In a video Mr Schade posted on Twitter as he sped away from the island by boat, a huge plume of white ash soars into the sky as a group of frightened tourists huddles close to the shore.

"This is so hard to believe," Mr Schade said. "Our whole tour group were literally standing at the edge of the main crater not 30 minutes before."

A crater rim camera owned and operated by New Zealand science agency GeoNet shows groups of people walking towards and away from the rim inside the crater, from which white vapour constantly billows, in the hour leading up to the eruption.

At 2pm, the crater rim camera catches a group of people - tiny specks in relation to the vast volcano - right at the edge of the rim.

At 2.10pm - just a minute before the eruption - the group is headed away from the rim, following a well-worn track across the crater.

A webcam monitoring the volcano shows at least one group of tourists was inside the crater moments before it erupted and blanketed the area in a massive ash cloud.

White Island is about 50km from the east coast of North Island and huge plumes were visible from the mainland.

Volcanologists said the ash plume shot 12,000 ft (3,658m) into the air.

"We know that there were a number of tourists on or around the island at the time, both New Zealanders and visitors from overseas," Prime Minister Jacinda Ardern told a news conference. "I know there will be a huge amount of concern and anxiety for those who had loved ones on or around the island at the time.

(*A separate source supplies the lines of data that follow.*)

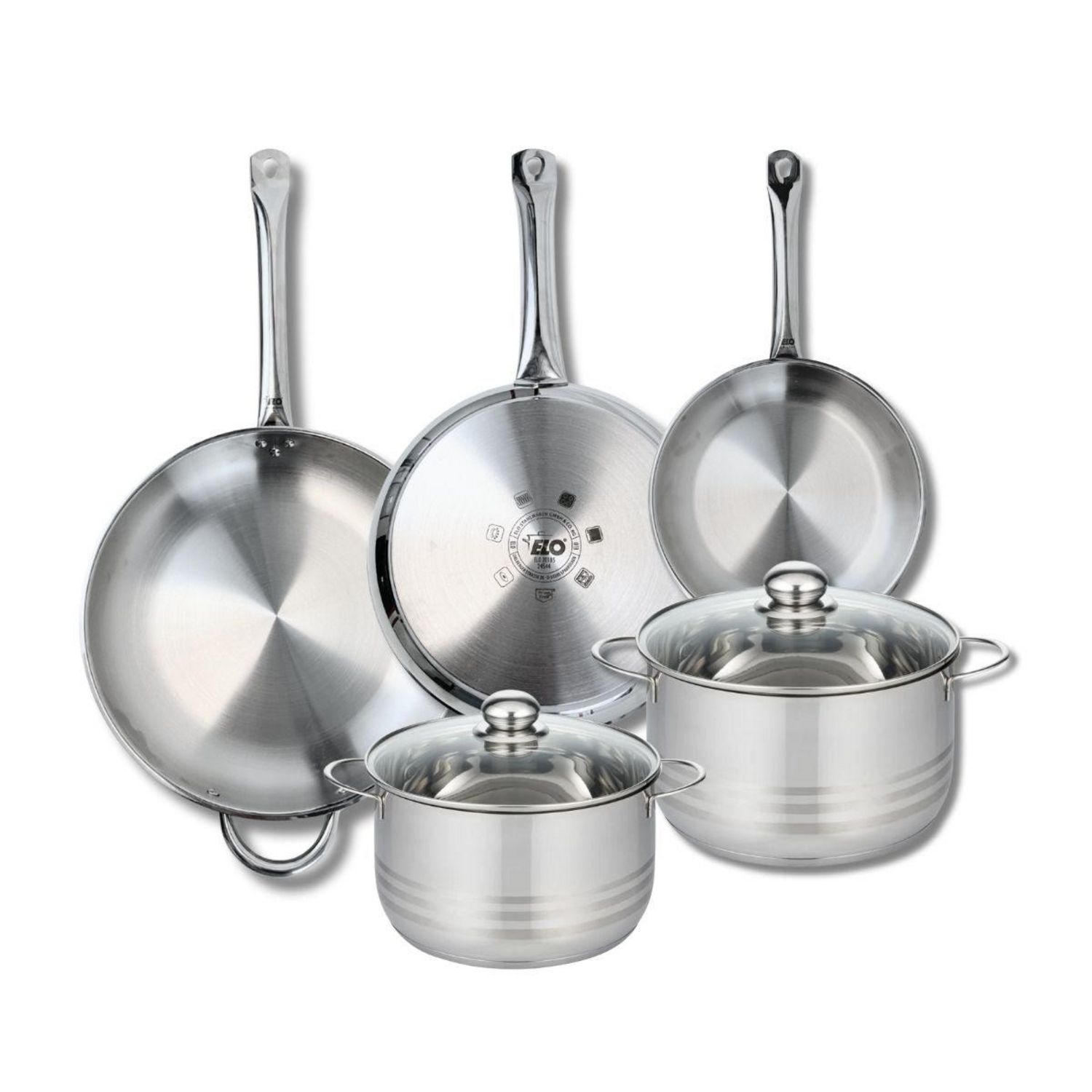 Ensemble de 3 Poêles de cuisson 24, 28 et 32 cm et 2 faitouts 20 et 24 cm Elo Profi Brillant
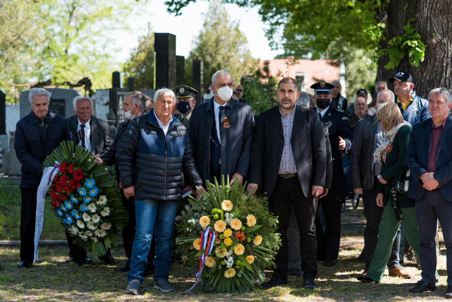 Nakon polaganja venaca na Spomenik žrtvama fašizma, venci su položeni i na Spomen-kompleks palim crvenoarmejcima na Pravoslavnom groblju u Dudovoj šumi.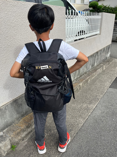 また、私からすると、販売しているお店で名前を⼊れられるというところが魅⼒的でした。刺繍⽷の⾊や⽂字を好きに選べるので、たぶん世界に1つしかない︕︖オリジナルのバッグが仕上がったと思います。これで息⼦の『⼈とかぶらない』という条件もクリア︕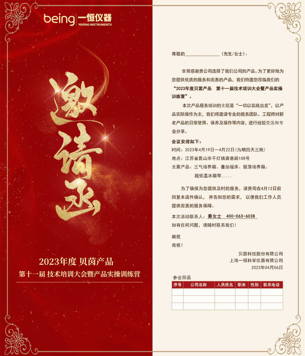 2023-04-11 | 文章來源: | 點擊率(lǜ): 誠邀您參加2023年度貝茵產品(pǐn)第十一屆技術培訓大會暨產品實操訓(xùn)練營尊敬的合作夥伴: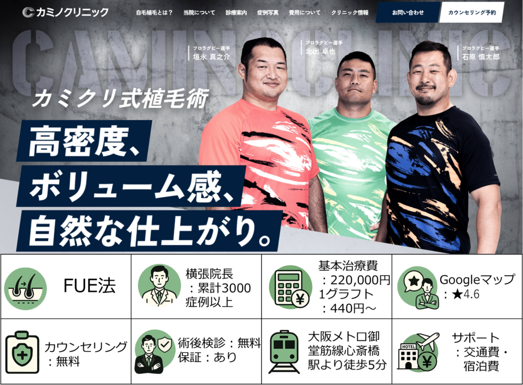 カミノクリニックは東京銀座に拠点を持つ自毛植毛クリニックで、実績の多さとリーズナブルな料金設定が魅力です。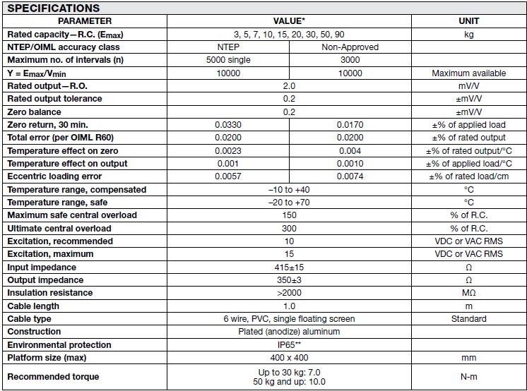 最大安全負載< ± 0.025 %FS < ± 0,022 %FS < ± 0.018 % FS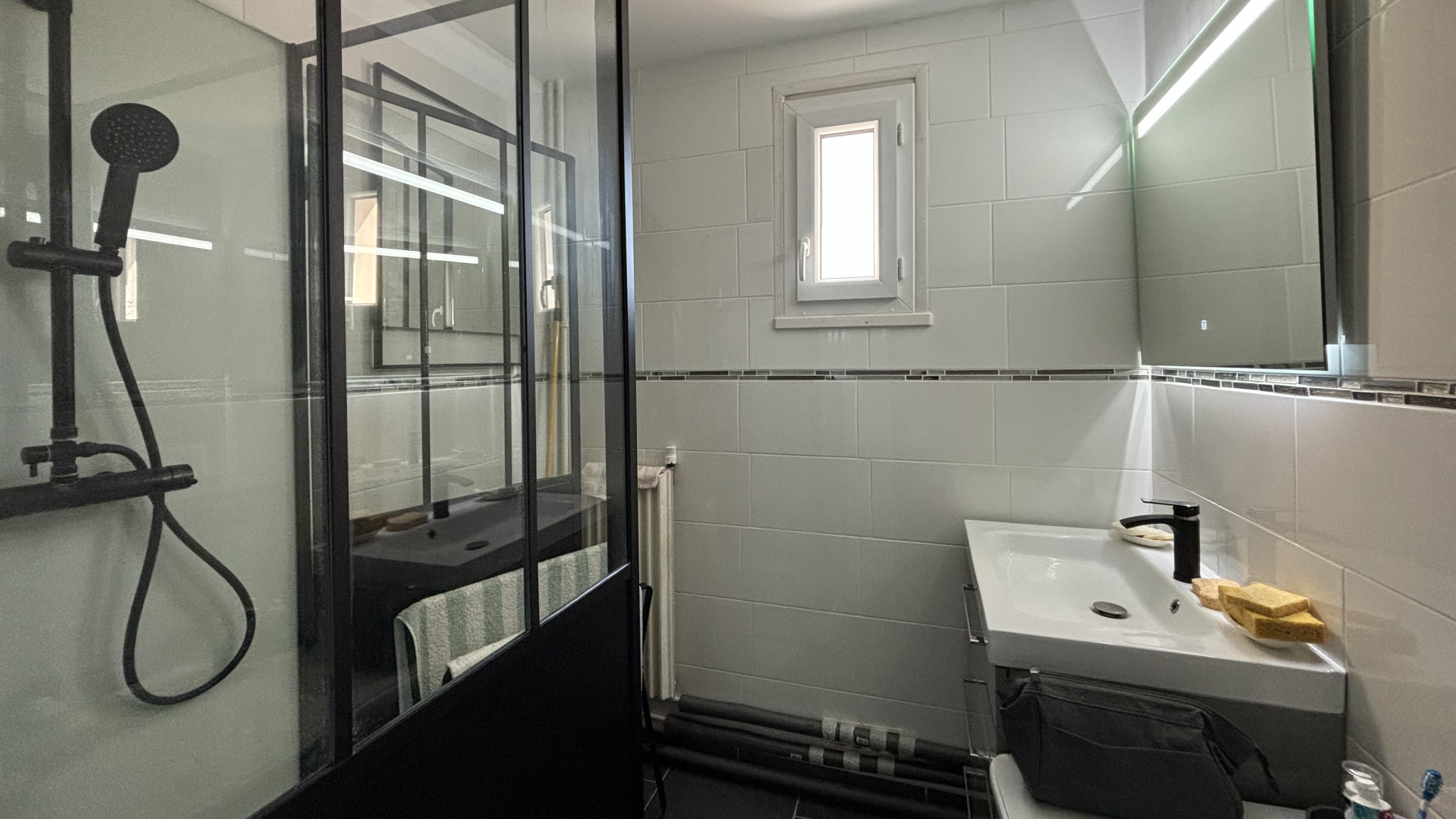 ...Terrasse couverte, jardinet et place de parking...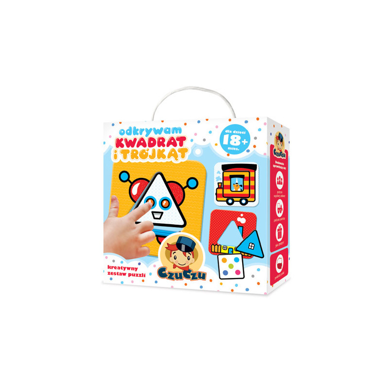 Odkrywam Kwadrat i Trójkąt to komplet ośmiu wytrzymałych, dwustronnych puzzli.
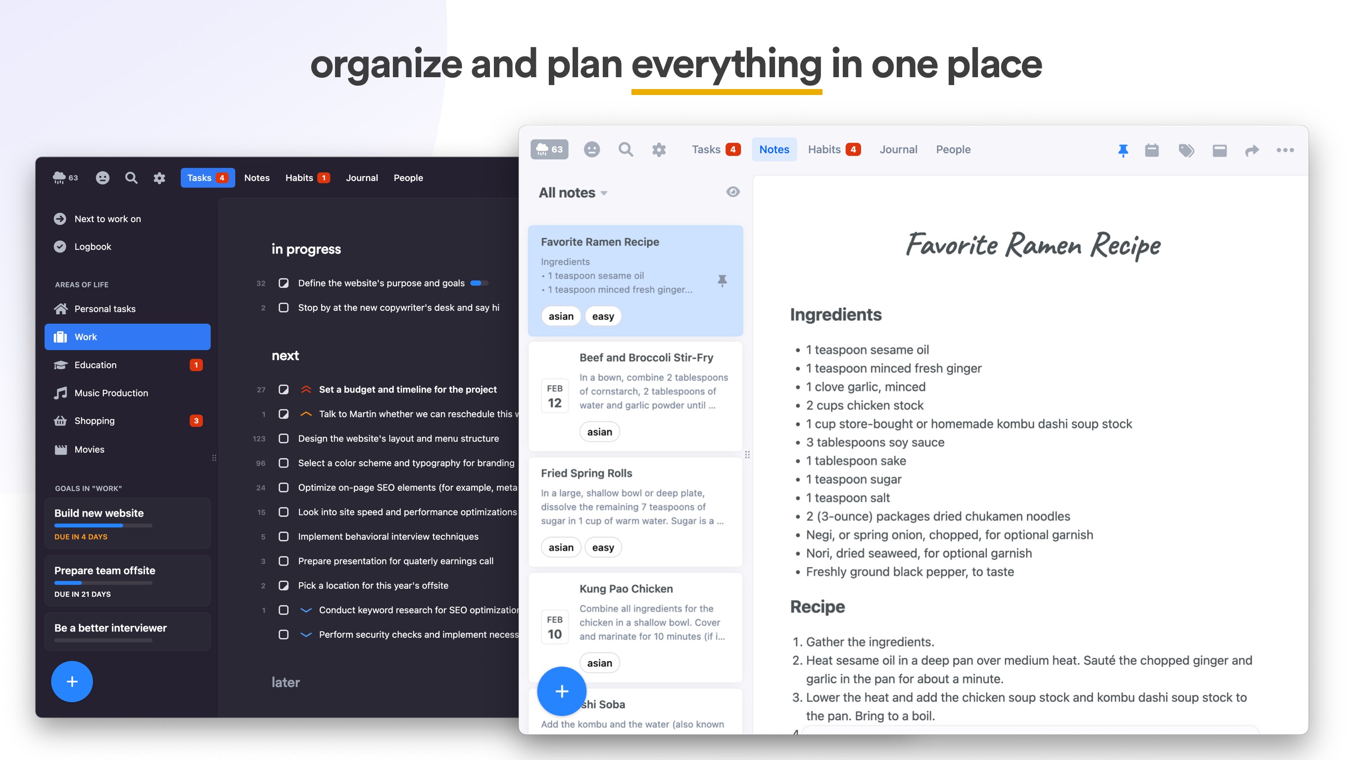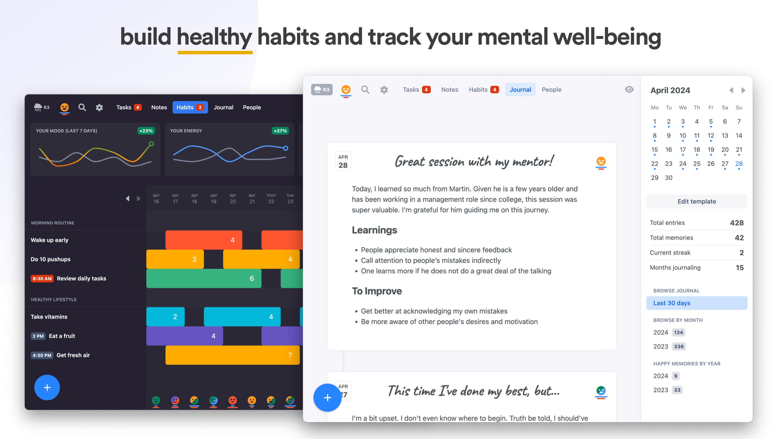 Our all-in-one approach allows us to integrate all the pieces together. Tasks with calendar, calendar with habits, or events with notes.

I can assure them that police are doing everything they can."

On Twitter, Australian Prime Minister Scott Morrison said Australians had been affected by the eruption and the government was trying to learn more. Twenty-four Australians were on White Island when the volcano erupted, Australian media said.

New Zealand Cruise Association chief executive Kevin O'Sullivan said: "We believe there is a tour party from Ovation of the Seas involved in the White Island eruption. We have no further details at the moment."

Tour guides evacuate tourists on a boat shortly after the volcano eruption on White Island. PHOTO: REUTERS/MICHAEL SCHADE

Ovation of the Seas is a 16-deck cruise ship owned by Royal Caribbean Cruises. It can take nearly 5,000 passengers and has a crew of about 1,500.

It is docked at Tauranga, on the North Island, on a cruise that began in Sydney on Dec 3.

"We can confirm that a number of our guests were touring the island today," a company representative said in an e-mailed statement. "We do not have any additional details to share at this time."

There seemed to be no danger for people in coastal areas farther away, the authorities said.

The eruption was unexpected, but not unusual, an expert said.

"Sudden, unheralded eruptions from volcanoes such as White Island can be expected at any time," volcanologist Shane Cronin from the University of Auckland said in comments published by the Australia Science Media Centre.

"We know hydrothermal and so-called 'phreatic' eruptions can occur suddenly and with little or no warning because they are driven by the expansion of super-heated water into steam," he added.

Geological hazard tracker GeoNet raised the alert level for the White Island volcano in November owing to an increase in volcanic activity.

Just last week, GeoNet volcanologist Brad Scott said in a report that moderate volcanic unrest continued at White Island, with substantial gas, steam and mud bursts observed at the vent located at the back of the crater lake.

The White Island volcano is one of New Zealand's most active.

Twelve people were killed on the island in 1914 when it was being mined for sulphur. Part of a crater wall collapsed and a landslide destroyed the miners' village and the mine itself.

The remains of buildings from another mining enterprise in the 1920s are now a tourist attraction, according to GeoNet.

The island became a private scenic reserve in 1953, and daily tours allow more than 10,000 people to visit the volcano every year.

The island is also known by the indigenous Maori name Whakaari.